To determine the empirical formula of lysine, we need to calculate the ratio of the elements present.
1. Start by converting the given masses of carbon dioxide (CO2), water (H2O), and nitrogen gas (N2) to moles.
- The molar mass of CO2 is 44.01 g/mol, so 2.72 g of CO2 is equal to (2.72 g / 44.01 g/mol) = 0.062 mol of CO2.
- The molar mass of H2O is 18.02 g/mol, so 1.29 g of H2O is equal to (1.29 g / 18.02 g/mol) = 0.072 mol of H2O.
- The molar mass of N2 is 28.02 g/mol, so 0.287 g of N2 is equal to (0.287 g / 28.02 g/mol) = 0.010 mol of N2.

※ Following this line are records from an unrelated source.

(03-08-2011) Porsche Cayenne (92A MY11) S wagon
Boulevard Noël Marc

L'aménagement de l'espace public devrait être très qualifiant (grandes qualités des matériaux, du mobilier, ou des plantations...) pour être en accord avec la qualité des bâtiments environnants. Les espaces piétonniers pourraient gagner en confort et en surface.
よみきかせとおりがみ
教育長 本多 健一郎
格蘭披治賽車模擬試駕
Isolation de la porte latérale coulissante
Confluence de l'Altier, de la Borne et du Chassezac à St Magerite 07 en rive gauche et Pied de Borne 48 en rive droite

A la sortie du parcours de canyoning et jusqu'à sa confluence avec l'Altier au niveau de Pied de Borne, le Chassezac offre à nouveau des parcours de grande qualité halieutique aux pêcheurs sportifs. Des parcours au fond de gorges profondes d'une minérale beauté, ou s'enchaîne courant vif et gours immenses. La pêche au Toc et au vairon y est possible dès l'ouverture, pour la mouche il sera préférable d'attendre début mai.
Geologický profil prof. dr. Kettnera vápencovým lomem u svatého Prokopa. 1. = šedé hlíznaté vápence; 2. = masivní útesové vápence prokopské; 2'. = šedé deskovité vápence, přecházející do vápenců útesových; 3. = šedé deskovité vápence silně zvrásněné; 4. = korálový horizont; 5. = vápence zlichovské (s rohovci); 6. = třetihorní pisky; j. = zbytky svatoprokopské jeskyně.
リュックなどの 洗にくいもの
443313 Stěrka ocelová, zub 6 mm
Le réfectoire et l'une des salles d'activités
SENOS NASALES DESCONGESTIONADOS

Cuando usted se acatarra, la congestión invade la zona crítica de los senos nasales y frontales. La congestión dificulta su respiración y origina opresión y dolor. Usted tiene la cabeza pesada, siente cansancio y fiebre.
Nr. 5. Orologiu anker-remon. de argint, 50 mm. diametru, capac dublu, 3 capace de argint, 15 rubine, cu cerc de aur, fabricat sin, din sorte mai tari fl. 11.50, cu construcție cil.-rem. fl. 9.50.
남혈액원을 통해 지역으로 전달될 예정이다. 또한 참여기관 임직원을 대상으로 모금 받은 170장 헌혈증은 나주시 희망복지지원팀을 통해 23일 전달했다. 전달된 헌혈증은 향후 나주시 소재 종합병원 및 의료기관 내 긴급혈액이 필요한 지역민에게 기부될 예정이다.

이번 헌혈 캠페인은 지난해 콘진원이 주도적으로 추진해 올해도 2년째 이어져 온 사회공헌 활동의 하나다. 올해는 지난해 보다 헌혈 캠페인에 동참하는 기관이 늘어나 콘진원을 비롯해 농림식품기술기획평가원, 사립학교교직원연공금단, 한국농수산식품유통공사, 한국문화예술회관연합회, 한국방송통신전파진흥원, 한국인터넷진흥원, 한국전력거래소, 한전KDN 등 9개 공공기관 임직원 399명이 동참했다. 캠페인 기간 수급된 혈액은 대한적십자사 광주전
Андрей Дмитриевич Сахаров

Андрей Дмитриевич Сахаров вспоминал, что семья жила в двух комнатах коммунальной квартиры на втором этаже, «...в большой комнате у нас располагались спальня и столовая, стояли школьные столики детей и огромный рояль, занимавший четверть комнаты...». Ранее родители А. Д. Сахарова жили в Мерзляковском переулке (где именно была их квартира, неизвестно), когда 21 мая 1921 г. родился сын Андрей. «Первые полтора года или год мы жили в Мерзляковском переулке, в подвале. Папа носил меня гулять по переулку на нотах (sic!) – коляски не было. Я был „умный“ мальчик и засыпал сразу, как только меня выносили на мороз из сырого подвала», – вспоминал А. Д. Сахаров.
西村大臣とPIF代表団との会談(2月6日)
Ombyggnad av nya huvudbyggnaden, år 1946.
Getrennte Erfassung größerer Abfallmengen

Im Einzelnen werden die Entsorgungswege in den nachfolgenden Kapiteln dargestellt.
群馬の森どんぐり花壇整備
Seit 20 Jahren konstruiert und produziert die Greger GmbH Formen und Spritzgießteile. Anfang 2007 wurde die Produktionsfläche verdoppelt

2. Next, determine the mole ratio of the elements present by dividing each number of moles by the smallest number of moles. In this case, the smallest number of moles is 0.010 mol of N2.
- The mole ratio of CO2 is (0.062 mol CO2 / 0.010 mol N2) ≈ 6.

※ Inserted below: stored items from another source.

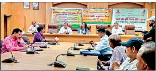
कलेक्ट्रेट सभागार में गुरुवार को बैठक में मौजूद अधिकारी।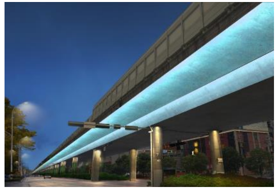
(荆州) 2020 年度市中心城区照明工程及 2019 年度中心城区路灯工程等建设项目总承包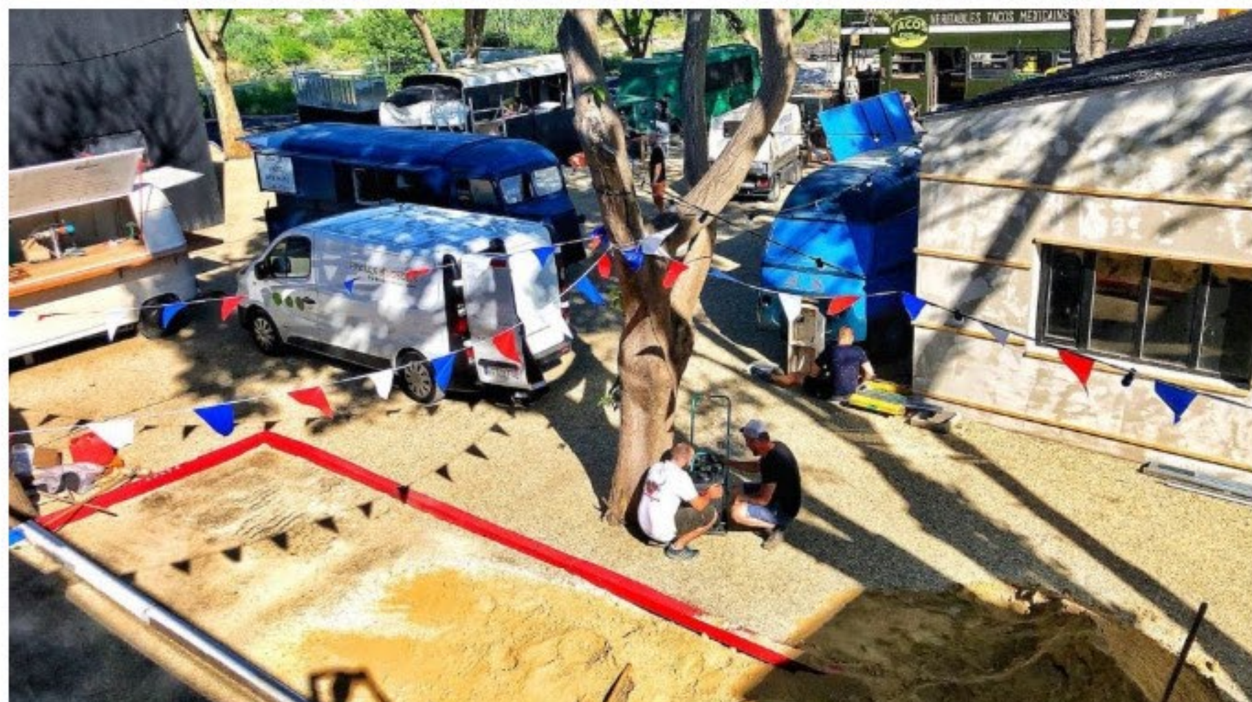
Derniers préparatifs avant l'ouverture ce jeudi à 19h

Les amateurs de cuisine de rue se donnent rendez-vous ce jeudi à 19h au marché du Lez pour l'ouverture du nouvel espace Street Food. Huit foodtrucks y proposeront désormais leurs plats à base de produits bios et locaux à partager entre amis, familles, collègues de bureau... au déjeuner, à l'apéro ou au dîner. Deux concept-trucks permettront de chiner objets et vêtements dans un espace promis à la détente et à la convivialité.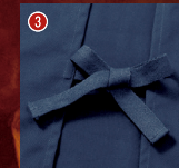
後ろヒモ使用 (2カ所)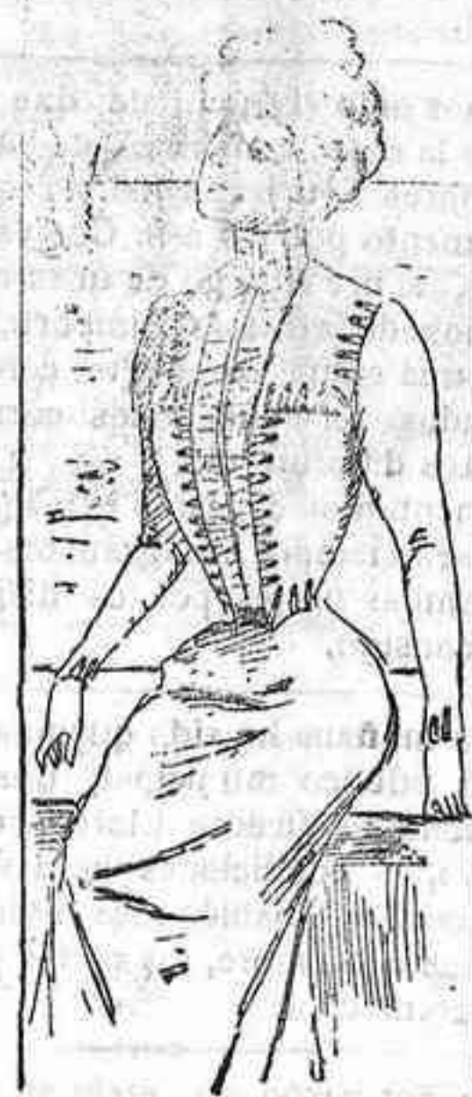
Traje para playa

Modelos exclusivos para nuestras lectoras, de los grandes almacenes de EL SIGLO, Barcelona.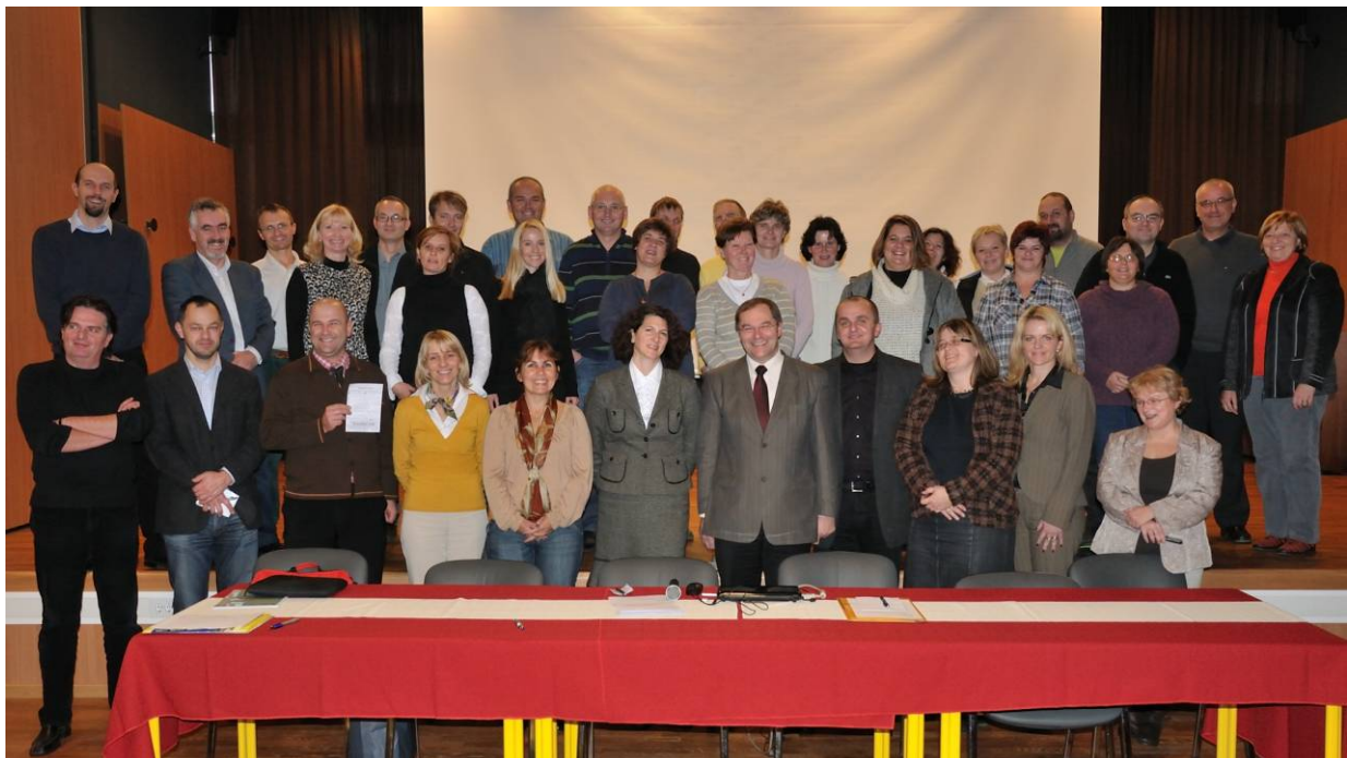
Udeleženci 1. redne skupščine ZASSS

- The mole ratio of H2O is (0.072 mol H2O / 0.010 mol N2) ≈ 7.
- The mole ratio of N2 is (0.010 mol N2 / 0.010 mol N2) = 1.
3. Finally, determine the empirical formula using the mole ratios obtained. The empirical formula represents the simplest whole-number ratio of atoms in a compound.
- The empirical formula of lysine is N1C6H7O2 since each element is present in the ratio of 1:6:7:2.
To find the molecular formula of lysine, we need to know its molar mass.
1. Calculate the molar mass of the empirical formula by summing up the molar masses of the individual elements.
- The molar mass of N is 14.01 g/mol, so (1 x 14.01 g/mol) = 14.01 g/mol.
- The molar mass of C is 12.01 g/mol, so (6 x 12.01 g/mol) = 72.06 g/mol.
- The molar mass of H is 1.01 g/mol, so (7 x 1.01 g/mol) = 7.07 g/mol.
- The molar mass of O is 16.00 g/mol, so (2 x 16.00 g/mol) = 32.00 g/mol.
- The molar mass of the empirical formula N1C6H7O2 is (14.01 + 72.06 + 7.07 + 32.00) = 125.14 g/mol.
2. Calculate the ratio of the molar mass of the molecular formula to the molar mass of the empirical formula.
- The molar mass of lysine is given as 146.19 g/mol.
- The ratio is (146.19 g/mol / 125.14 g/mol) ≈ 1.17.
3. Finally, write the molecular formula of lysine by multiplying the subscripts in the empirical formula by the ratio obtained.
- The molecular formula of lysine is approximately N1C6H8O2, obtained by multiplying 1:6:7:2 by 1.17.
Therefore, the empirical formula of lysine is N1C6H7O2, and the approximate molecular formula is N1C6H8O2.